Data excerpt:
::::::::
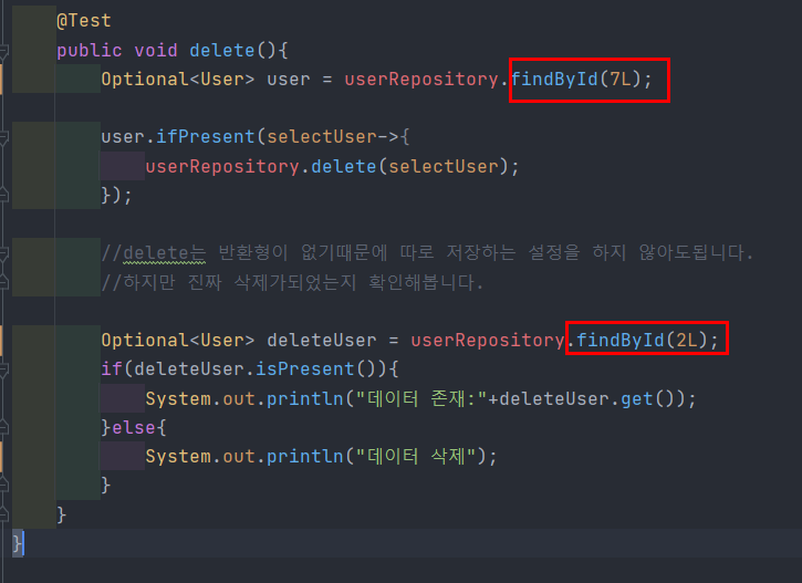 CRUD중 delete를 봅시다. 다음은 delete 하는 과정을 보여주는겁니다. user는 7L의 데이터를 찾아내서 그것을 지우는 과정을 하고있고, deleteUser는 2L을 찾아서 데이터가 삭제되었는지 확인해주는 소스코드 입니다. 여기서 보면 알 수 있듯이, 2L은 데이터가 존재하기 때문에 콘솔에 찍혀서 확인 할 수 있습니다. SpringBoot/JPA 2021.03.19
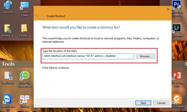 Tiếp theo, chúng ta sẽ tạo shortcut để bật Wi-Fi, tương tự như trên. Nhưng bạn hãy Copy và paste dòng lệnh bên dưới vào ô Type the location of the item, thay từ Wi-Fi bằng tên kết nối Wi-Fi của bạn.
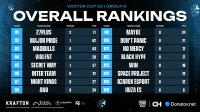 МАТЧИ ГРУППЫ В ПОДОШЛИ К КОНЦУ! 🐰 Поздравляем 27plus, Major Pride, MadBulls, VIOLENT и SECRET WAY с проходом в плей-офф! 🎉 ⚠️ Команда No Mercy лишается очков за последнюю карту в связи с нарушение
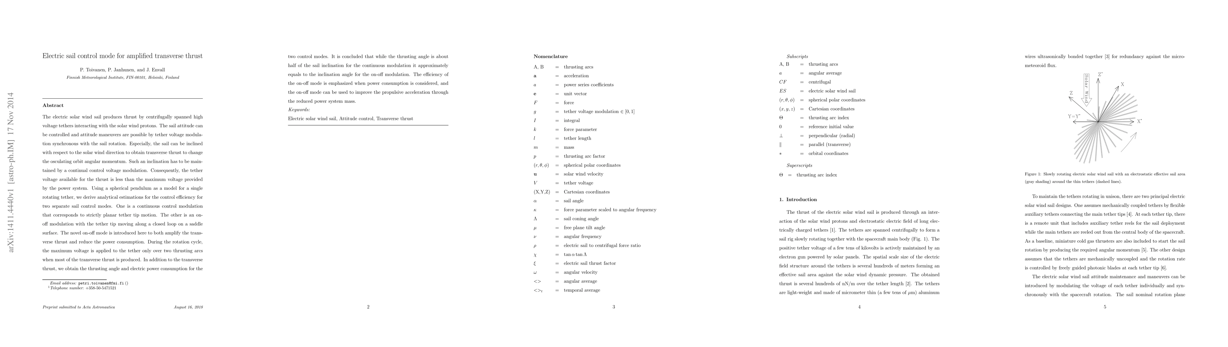 This paper explores electric sail control modes for generating amplified transverse thrust by modulating tether voltages. It introduces an on-off control mode that maximizes thrust efficiency and minimizes power consumption compared to continuous modulation, achieving comparable thrusting angles to sail inclination while using less power.
::::::::
What this task involves: In the listing above, find the line containing "Tiếp theo, chúng". Output it and every line after it up to and including the line containing "МАТЧИ ГРУППЫ В", exactly, but skip the pictures.

Finished exercise:
 Tiếp theo, chúng ta sẽ tạo shortcut để bật Wi-Fi, tương tự như trên. Nhưng bạn hãy Copy và paste dòng lệnh bên dưới vào ô Type the location of the item, thay từ Wi-Fi bằng tên kết nối Wi-Fi của bạn.
 МАТЧИ ГРУППЫ В ПОДОШЛИ К КОНЦУ! 🐰 Поздравляем 27plus, Major Pride, MadBulls, VIOLENT и SECRET WAY с проходом в плей-офф! 🎉 ⚠️ Команда No Mercy лишается очков за последнюю карту в связи с нарушение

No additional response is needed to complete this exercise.